_The problem:_
From the line that contains "SONA FOLIC ACID" through the line that contains "Czarne botki damskie", output every line of the listing below exactly and leave out all the rest.

_Listed entries:_
++++
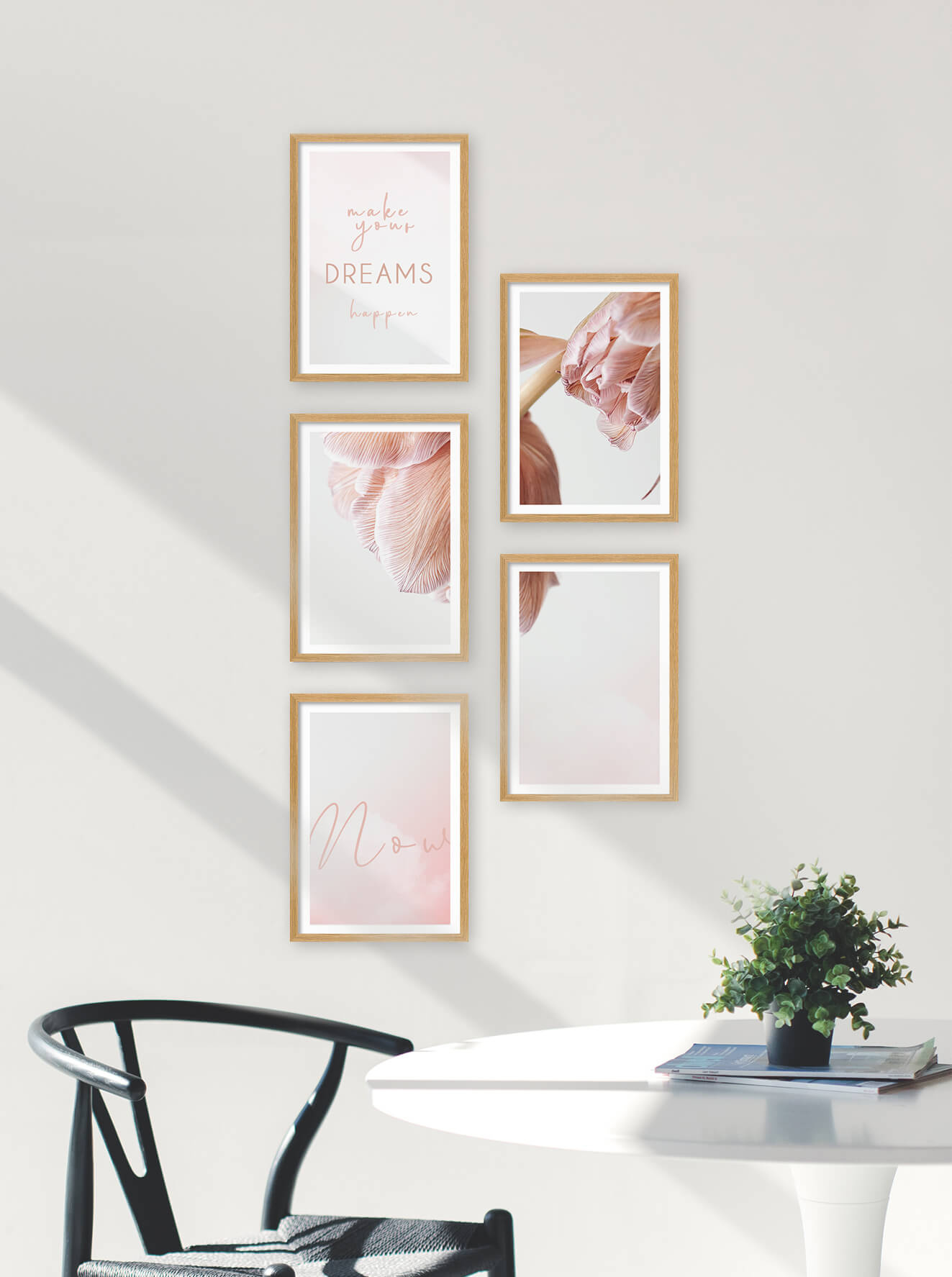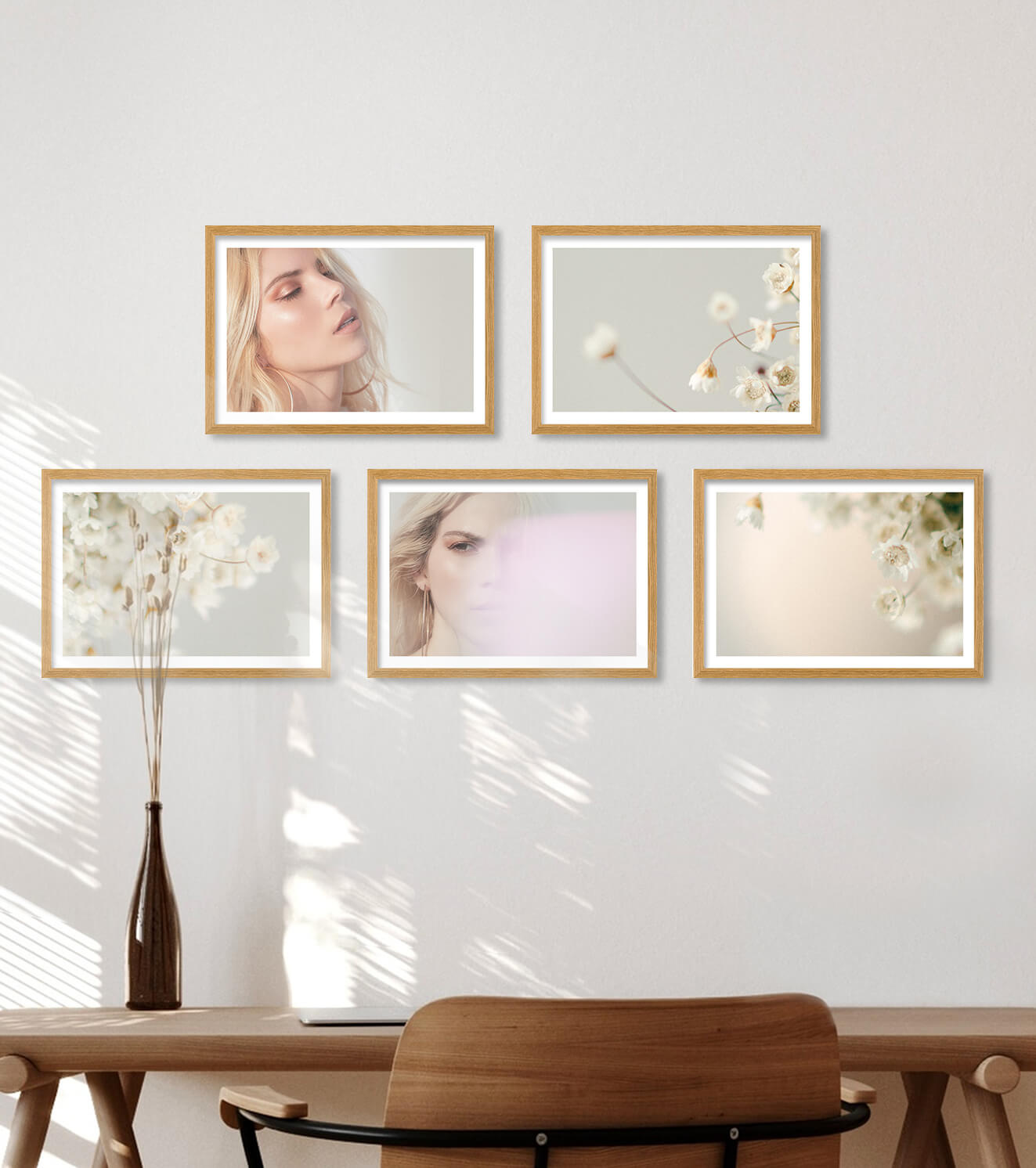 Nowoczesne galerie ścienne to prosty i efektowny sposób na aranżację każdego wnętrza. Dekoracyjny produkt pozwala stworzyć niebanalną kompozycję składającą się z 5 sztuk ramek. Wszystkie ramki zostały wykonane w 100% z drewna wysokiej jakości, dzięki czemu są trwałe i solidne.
++++
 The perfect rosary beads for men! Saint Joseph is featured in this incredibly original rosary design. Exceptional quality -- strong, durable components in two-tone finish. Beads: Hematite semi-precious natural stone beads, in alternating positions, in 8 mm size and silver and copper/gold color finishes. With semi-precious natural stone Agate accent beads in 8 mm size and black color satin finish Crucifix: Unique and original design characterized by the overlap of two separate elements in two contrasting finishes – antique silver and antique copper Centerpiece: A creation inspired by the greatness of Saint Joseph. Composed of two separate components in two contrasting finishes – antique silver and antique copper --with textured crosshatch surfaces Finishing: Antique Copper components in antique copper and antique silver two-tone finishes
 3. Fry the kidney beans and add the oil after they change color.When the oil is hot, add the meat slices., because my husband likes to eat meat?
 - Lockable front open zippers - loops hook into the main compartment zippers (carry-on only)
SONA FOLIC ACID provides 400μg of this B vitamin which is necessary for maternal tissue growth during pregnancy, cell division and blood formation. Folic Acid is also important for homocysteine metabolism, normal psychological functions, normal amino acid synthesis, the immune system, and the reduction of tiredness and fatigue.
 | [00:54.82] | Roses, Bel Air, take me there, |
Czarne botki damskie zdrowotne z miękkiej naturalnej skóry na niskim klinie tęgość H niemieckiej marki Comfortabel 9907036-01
++++
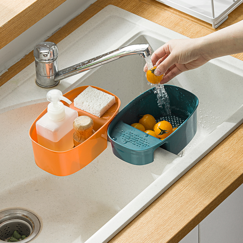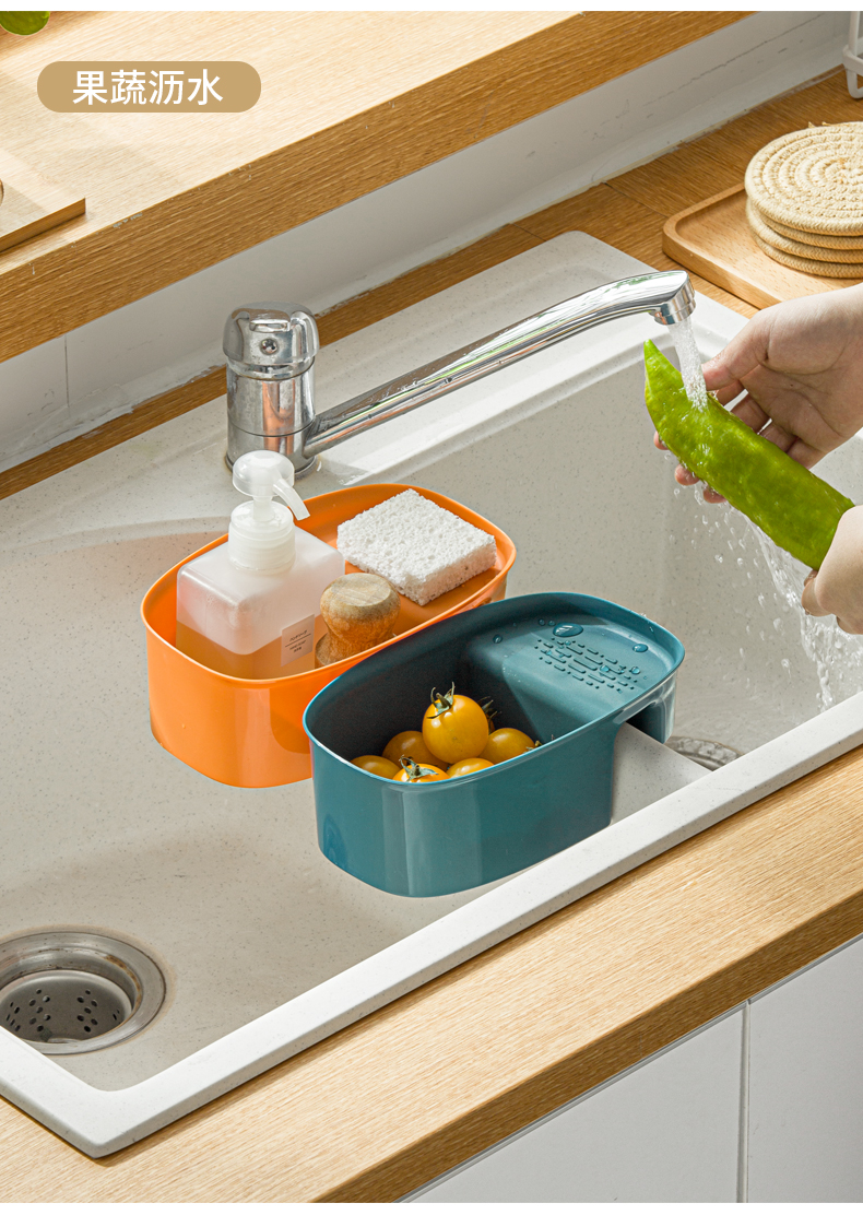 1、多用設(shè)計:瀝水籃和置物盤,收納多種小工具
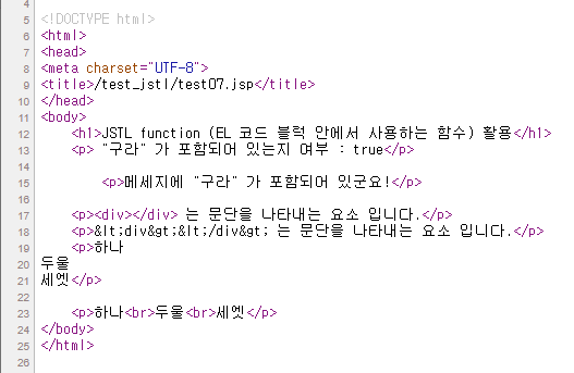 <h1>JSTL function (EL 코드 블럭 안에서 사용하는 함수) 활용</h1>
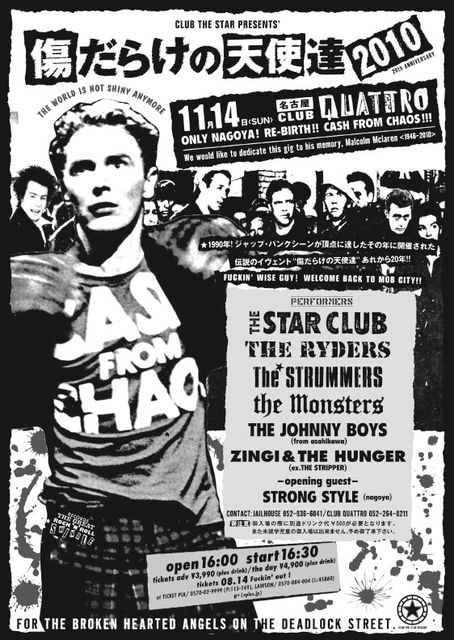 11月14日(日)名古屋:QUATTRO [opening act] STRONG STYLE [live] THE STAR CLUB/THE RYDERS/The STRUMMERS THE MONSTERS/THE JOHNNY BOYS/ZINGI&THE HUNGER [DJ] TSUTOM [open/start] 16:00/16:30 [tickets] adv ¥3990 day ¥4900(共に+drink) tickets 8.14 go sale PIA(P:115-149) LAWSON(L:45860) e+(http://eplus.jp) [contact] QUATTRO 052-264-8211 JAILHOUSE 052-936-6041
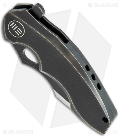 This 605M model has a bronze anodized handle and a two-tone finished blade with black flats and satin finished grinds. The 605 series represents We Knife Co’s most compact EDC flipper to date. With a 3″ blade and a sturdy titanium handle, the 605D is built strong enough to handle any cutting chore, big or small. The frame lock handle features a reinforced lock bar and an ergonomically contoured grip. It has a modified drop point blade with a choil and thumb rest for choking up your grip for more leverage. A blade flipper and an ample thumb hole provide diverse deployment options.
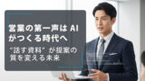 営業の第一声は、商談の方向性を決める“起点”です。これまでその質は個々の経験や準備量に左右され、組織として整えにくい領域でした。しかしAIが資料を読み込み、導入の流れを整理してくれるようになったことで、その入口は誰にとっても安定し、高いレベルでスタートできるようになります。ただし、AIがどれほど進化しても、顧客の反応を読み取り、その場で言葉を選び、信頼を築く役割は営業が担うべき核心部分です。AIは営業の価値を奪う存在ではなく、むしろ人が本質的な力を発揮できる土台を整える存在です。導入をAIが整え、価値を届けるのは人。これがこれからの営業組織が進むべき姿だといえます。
++++
_Your response:_
SONA FOLIC ACID provides 400μg of this B vitamin which is necessary for maternal tissue growth during pregnancy, cell division and blood formation. Folic Acid is also important for homocysteine metabolism, normal psychological functions, normal amino acid synthesis, the immune system, and the reduction of tiredness and fatigue.
 | [00:54.82] | Roses, Bel Air, take me there, |
Czarne botki damskie zdrowotne z miękkiej naturalnej skóry na niskim klinie tęgość H niemieckiej marki Comfortabel 9907036-01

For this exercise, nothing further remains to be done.